Except for the pictures, reproduce the records word for word.

************

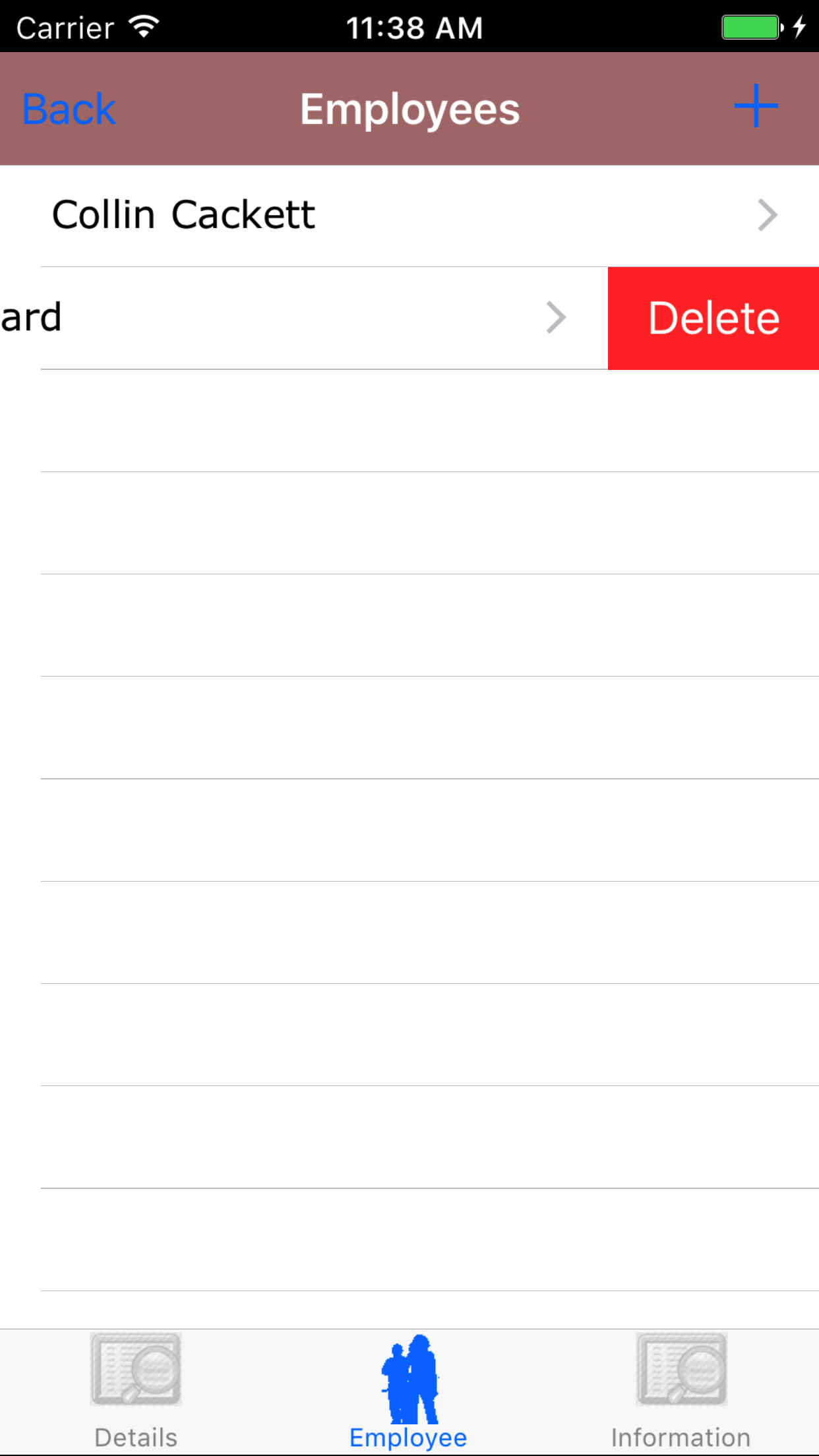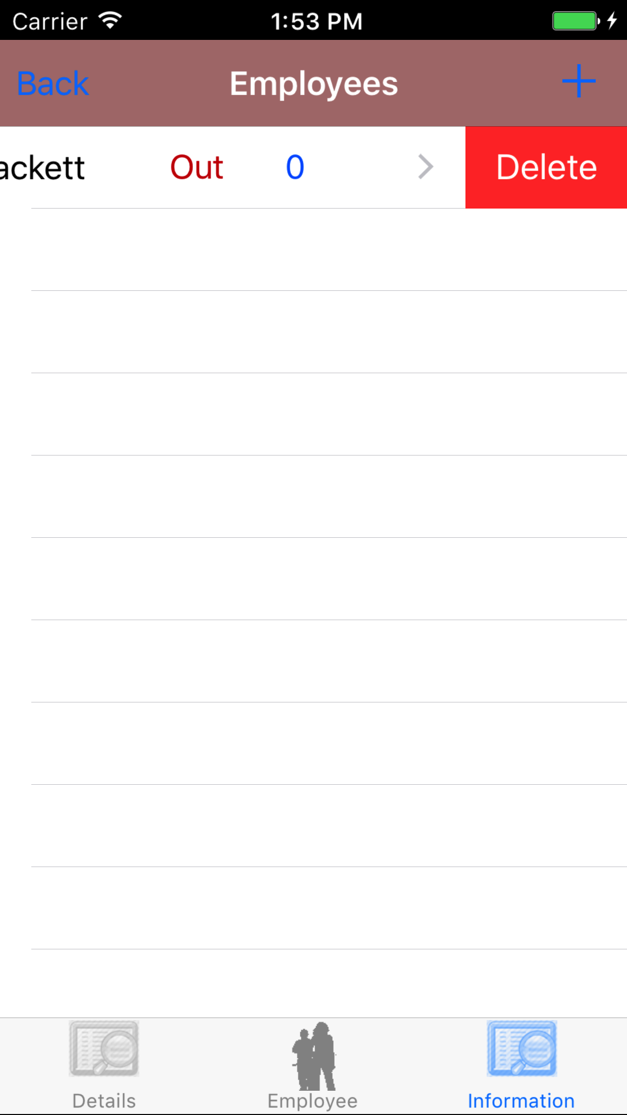 - Swipe from the right edge to the left to bring up the delete button for the employee entry log.
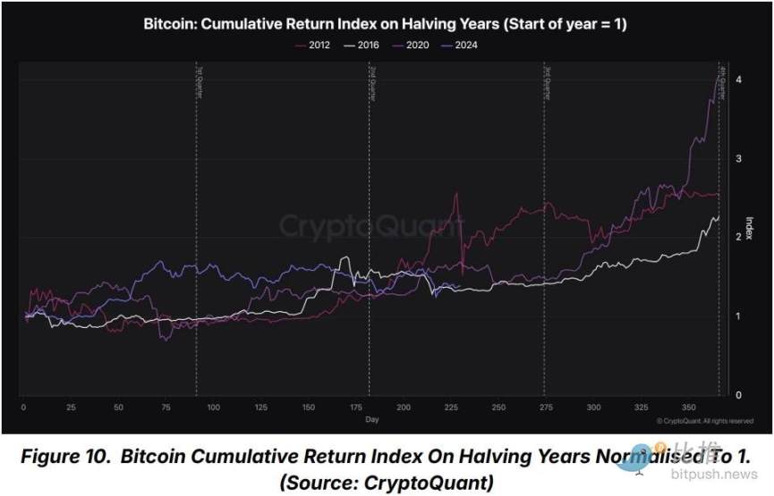 他们表示:「这些模式表明,减半后的周期通常会出现大幅反弹,即使之前出现短期下跌。截至 2024 年减半年的第 230 天(8 月 17 日),年初至今的标準化回报率为 1.38(38%)。」
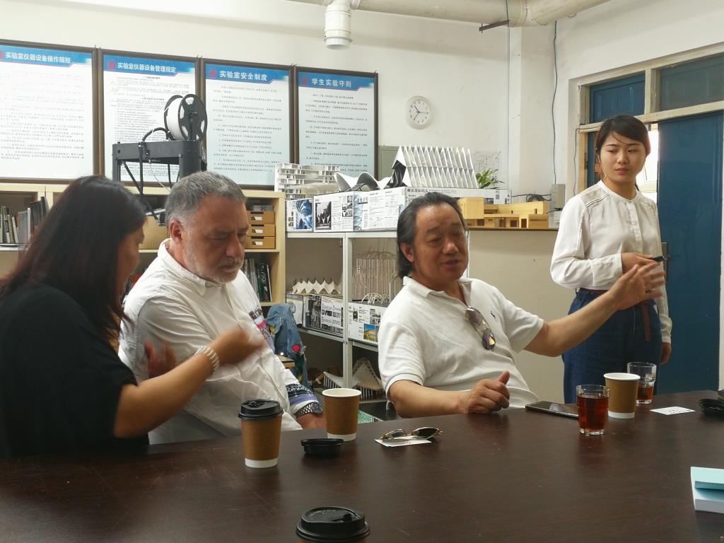于德湖副校长将会见地点精心安排在建筑与城乡规划学院的工作室, 艺术与设计学院和建筑与城乡规划学院先后汇报了各自在相关领域的成果。拉贾乔凡尼教授现场感受和参观了师生工作室和部分作品,作为走遍中国的艺术大师,拉贾乔凡尼教授对我校如此安排给与了高度评价,一再强调这是他最为成功的一次访问,一进入学院大楼即感受到强烈的学术气氛和艺术气息,比起所谓正式接待、官方陪同、概念介绍收获大得多,充分感受到我校专业、务实的态度和开放交流的自信。双方以现场部分作品为例就艺术教育传统、优秀中国建筑保护和影视舞台艺术等交换了意见,探讨了今后校际交流与合作的方式和领域。
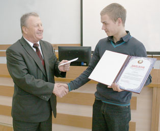 С пожеланиями дальнейших успехов, Дипломы и денежные премии от Могилевского областного комитета профсоюза работников АПК учащимся, защищавшим проект на республиканском конкурсе, Павлу Мурашко и Николаю Сушинскому, вручил член областного комитета профсоюза работников АПК, председатель райкома профсоюза работников АПК В.И.Розганов.
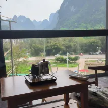 Le patron a eu la gentillesse de venir au magasin et de me surclasser dans une chambre double. La vue était incomparable. Pour 20 yuans, je pouvais voir la magnifique rivière Li depuis le balcon. L'environnement de la chambre est propre et bien rangé, et la femme de ménage vous accueillera chaleureusement lors de votre rencontre.

************

■ OUTPUT BELOW
 - Swipe from the right edge to the left to bring up the delete button for the employee entry log.
 他们表示:「这些模式表明,减半后的周期通常会出现大幅反弹,即使之前出现短期下跌。截至 2024 年减半年的第 230 天(8 月 17 日),年初至今的标準化回报率为 1.38(38%)。」
于德湖副校长将会见地点精心安排在建筑与城乡规划学院的工作室, 艺术与设计学院和建筑与城乡规划学院先后汇报了各自在相关领域的成果。拉贾乔凡尼教授现场感受和参观了师生工作室和部分作品,作为走遍中国的艺术大师,拉贾乔凡尼教授对我校如此安排给与了高度评价,一再强调这是他最为成功的一次访问,一进入学院大楼即感受到强烈的学术气氛和艺术气息,比起所谓正式接待、官方陪同、概念介绍收获大得多,充分感受到我校专业、务实的态度和开放交流的自信。双方以现场部分作品为例就艺术教育传统、优秀中国建筑保护和影视舞台艺术等交换了意见,探讨了今后校际交流与合作的方式和领域。
 С пожеланиями дальнейших успехов, Дипломы и денежные премии от Могилевского областного комитета профсоюза работников АПК учащимся, защищавшим проект на республиканском конкурсе, Павлу Мурашко и Николаю Сушинскому, вручил член областного комитета профсоюза работников АПК, председатель райкома профсоюза работников АПК В.И.Розганов.
 Le patron a eu la gentillesse de venir au magasin et de me surclasser dans une chambre double. La vue était incomparable. Pour 20 yuans, je pouvais voir la magnifique rivière Li depuis le balcon. L'environnement de la chambre est propre et bien rangé, et la femme de ménage vous accueillera chaleureusement lors de votre rencontre.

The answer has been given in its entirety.